What I do get -- new enzyme derived from "foot and mouth disease" that does something interesting to ubiquitin chains that is cooler than just tryptically cleaving it.

Intact mass analysis (using a QE Plus) can distinguish between proteins that have single and multiple ubiquitination sites. Maybe even count the number of distinct ubiquitin sites? Not sure...

Has application to full cell lysates? I think that is something that is maybe shown here just in gels.
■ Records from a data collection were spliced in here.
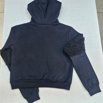 BLUSÃO JUVENIL FEMININO MOLETOM PRETO CEREJA ROSA COM CAPUZ FELPUDO E DETALHE FELPUDO NAS MANGAS. TAM 14
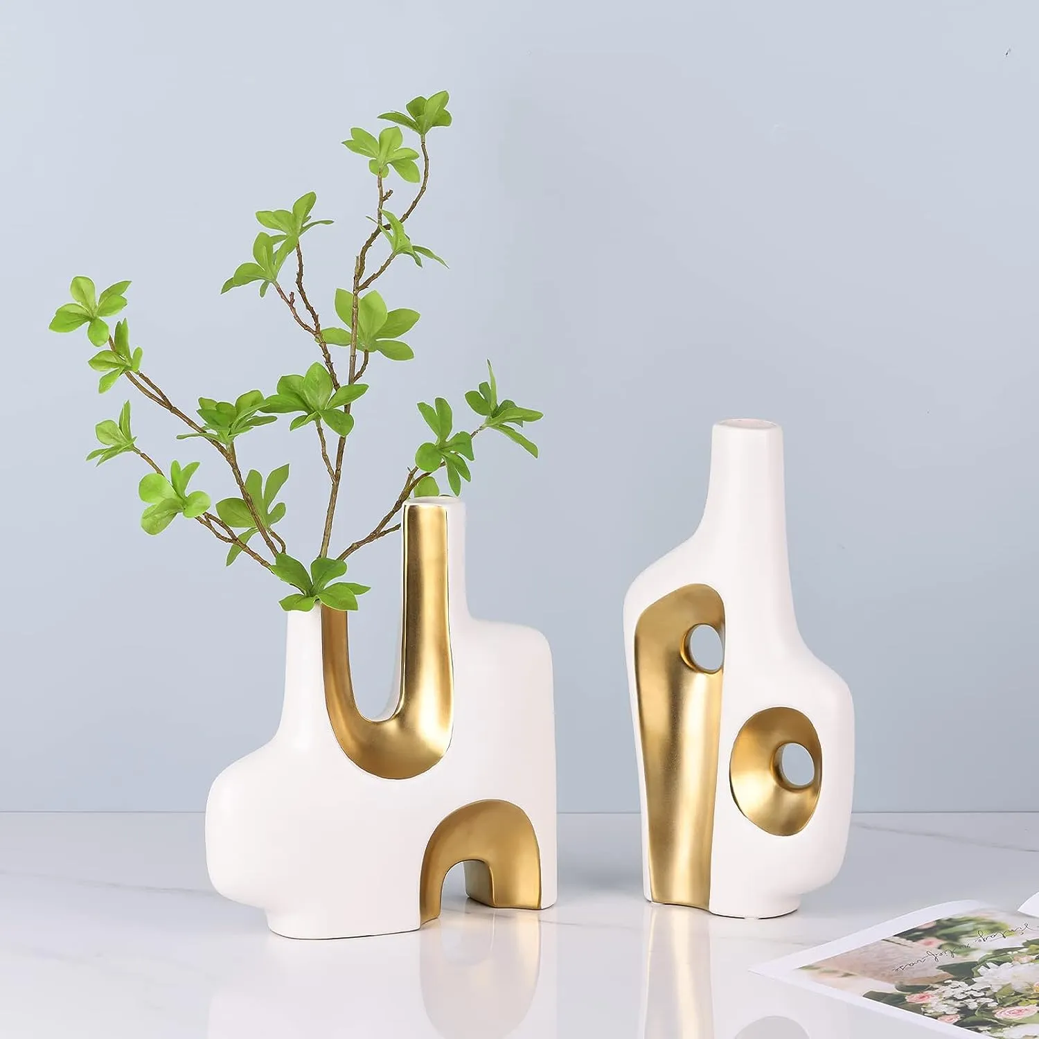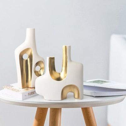 Os "Vasos Mahoganny" trazem o design moderno através da assimetria das formas, feitos em cerâmica artesanal acetinada e detalhes em dourado ou preto, vão te ajudar a criar composições sofisticadas para trazer a modernidade, personalidade e originalidade que você e seu ambiente merecem!
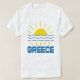 Aproveite este verão com esta camiseta branca dos homens Sarti, luz solar Grécia e ondas marítimas. Esta design apresenta o sol e as ondas de água com Sarti na fonte do estilo grego com uma grande Grécia azul.
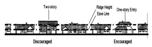 Planting masses on-site should assume a simple, non-uniform arrangement. The diversity of massing types should be great enough to provide interest, but kept to a level which evokes a relaxed natural feeling.
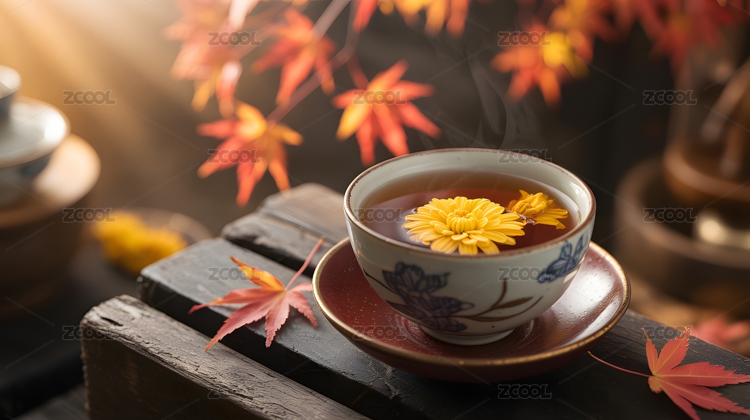 菊花茶杯秋叶相伴
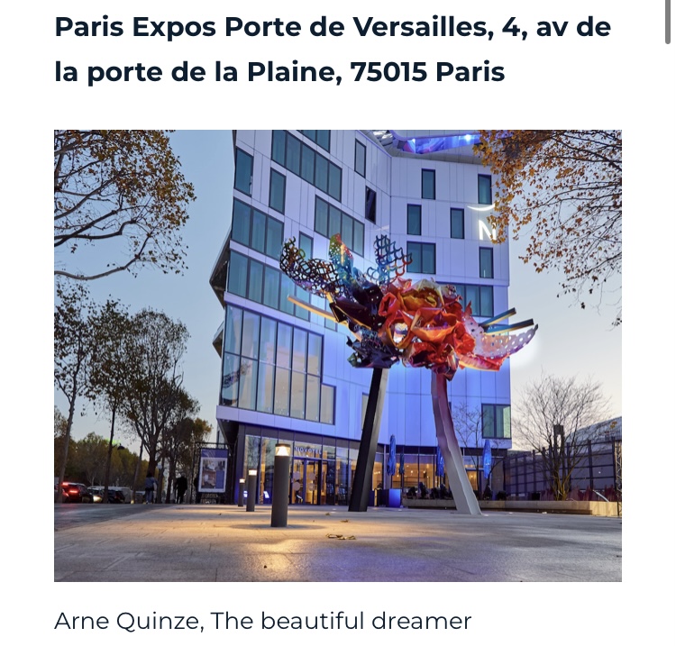 Bon mois d’Octobre ! dans quelques jours des galeries rouvriront avec d’autres expositions , vous pourrez aller à La Biennale de Lyon ou au Grand Garage Haussman du 16 au 20 0ctobre ( reservation only ) , et a Art Basel Paris les 18 , 19 ou 20 octobre , au Grand Palais rénové ,mais au prix de 44 euros .Je me permets de rappeler que ce salon expose aussi gratuitement
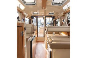 The first thing you will notice when looking at the popular Ranger Tugs R-23 is the dramatic, curved windshield and visor, accompanied by several overhead skylights. There is no shortage of light or visibility onboard the R-23, which incorporates four opening roof hatches, sliding side windows, and an opening glass bulkhead, providing an open and airy feeling inside and out. Opening portlights also allow for a nice cross breeze in the cabin. The R-23 is powered by a 200 HP Yamaha outboard.
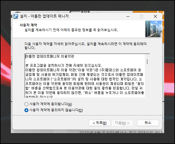파일 다운로드가 완료되면 해당 파일을 더블클릭해서 실행해 보세요. 그러면 아틀란 업데이트 매니저 프로그램에 대한 설치 마법사가 자동으로 시작됩니다. 설치 과정은 매우 직관적이고 간단해요. 화면에 표시되는 안내 문구를 차근차근 읽어보고 다음 단계로 넘어가면 됩니다.
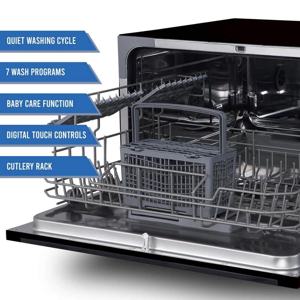 - 7-washing programs: you’ll get full size dishwasher cleaning in a countertop sized compact unit that offers seven wash programs – heavy, normal, baby care, light, glass, speed 45-minutes, self-clean
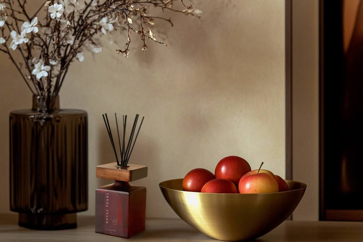 Аромадиффузор - это изысканный аксессуар, который наполняет пространство тонкими ароматами и украшает интерьер. Аромат Royal Pearl открывается сочными и свежими нотами яблока, груши и ананаса, наполняя пространство ощущением сладкой и солнечной фруктовой свежести. В сердце аромата раскрываются нежные цветочные оттенки ландыша и жасмина, придающие композиции утонченность и изящество. Завершают этот элегантный букет теплые и обволакивающие базовые ноты мускуса и амбры, создавая стойкий и чарующий шлейф. Этот аромат создан для тех, кто стремится наполнить свое пространство свежестью, изяществом, нотками весенней легкости и солнечного настроения.
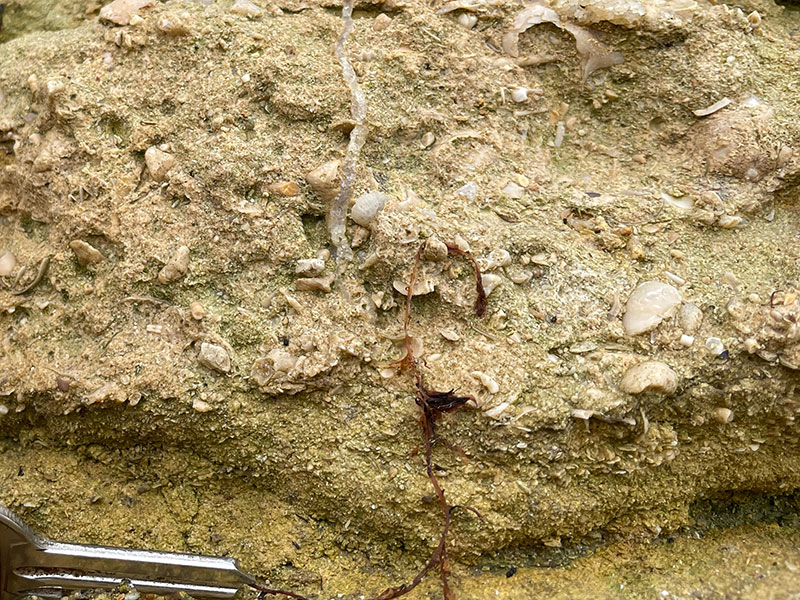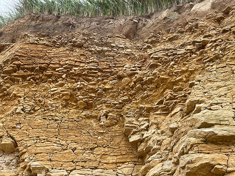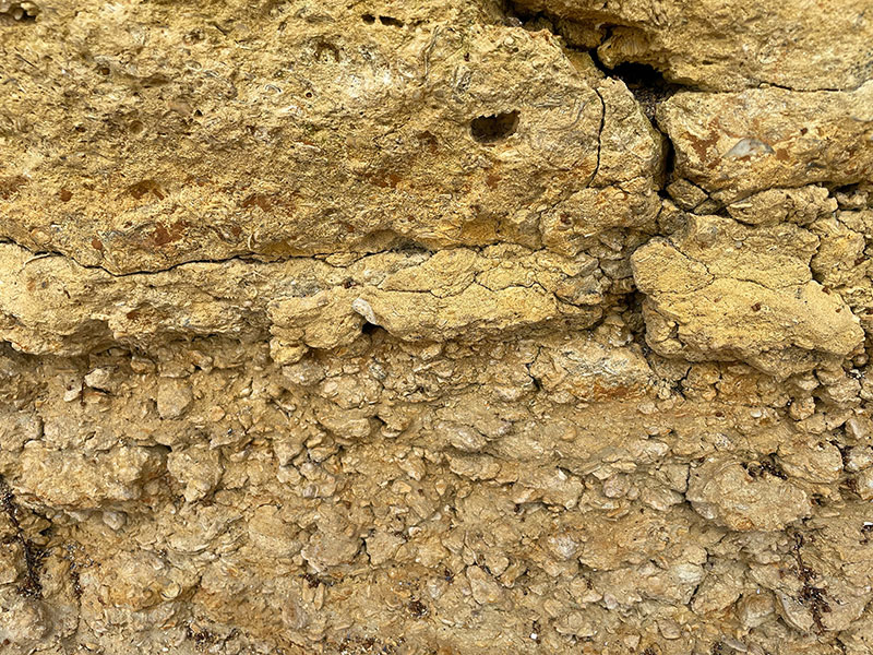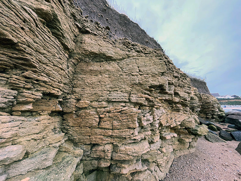 Litages obliques dans le Calcaire de Langrune caractéristiques de courants marins lors de la mise en place de ces sables carbonatés
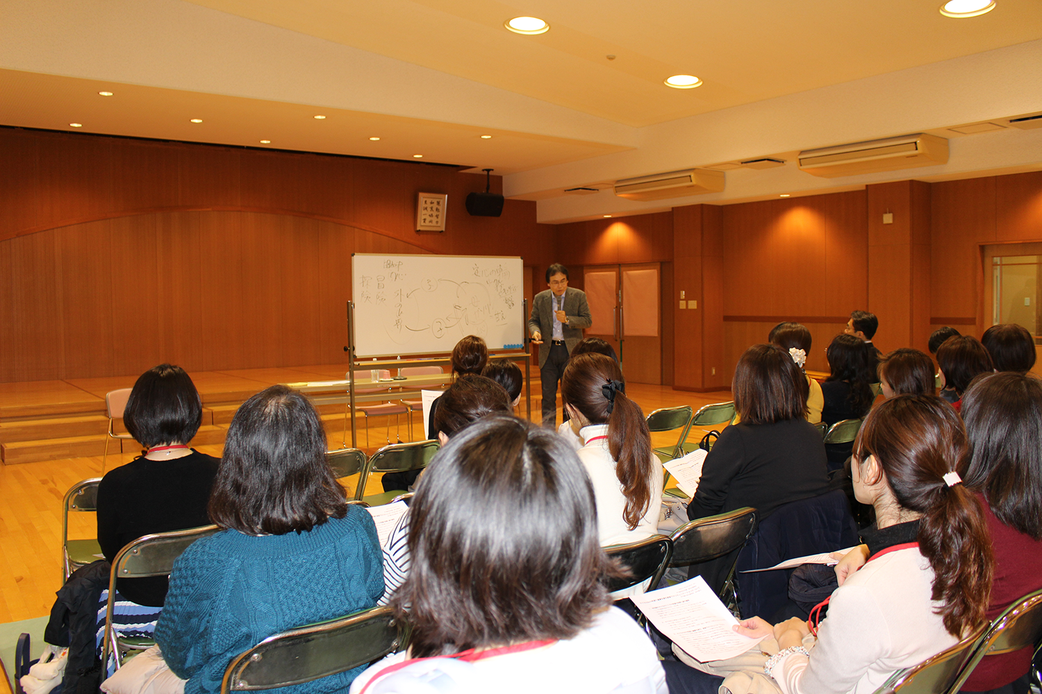 心理学部の安村直己学部長が28日、甲子園学院幼稚園で「子どもの心の発達と健康を育む家庭でのコミュニケーションについて」をテーマに講演を行いました。幼稚園からの強い要望があって、昨年度に引き続き実施されました。幼児期の子どもの心の発達の特徴と親子関係や、子どもの上手なしつけ方など具体的な事例を紹介した講演内容に、参加した方々からは、「これからも子どもに寄り添って頑張りたいと再確認できました」などという声が聞かれました。
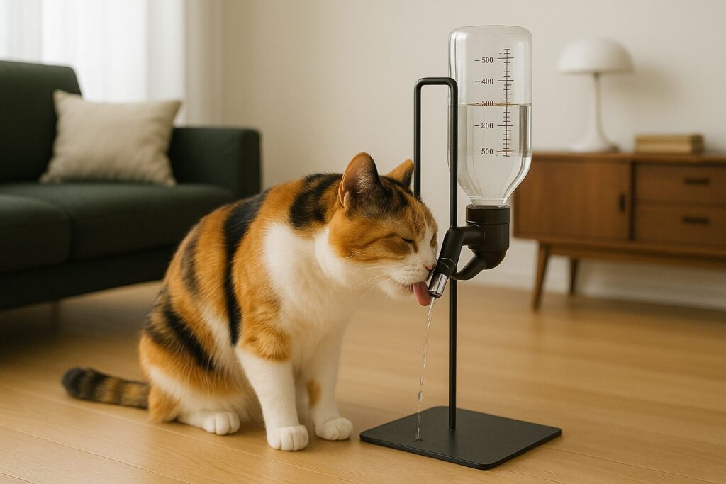 高さを無段階で調整できるので、猫の飲み姿勢もラクそう。

Somehow can distinguish between straight chain and branch chain ubiquitin? Maybe my brain is rejecting all this because I didn't know until now that ubiquitin branches? I thought it was a relatively short peptide chain that with 3 or 4 known configurations? Like GGK(something)end or LRGGK (something)end, and GGK(something longer)K(something) end, which is, by-the-way, tough to sort out in my hands, particularly with incomplete digestion in an attempt to miss the first event. Despite the fact this paper says the K-GG is "easily detectable by MS" I'd contend that most search engines don't like this mod very much, and definitely don't like the longer variants. So -- even though I don't understand what is going on here -- I realize any improvement here is worth knowing about!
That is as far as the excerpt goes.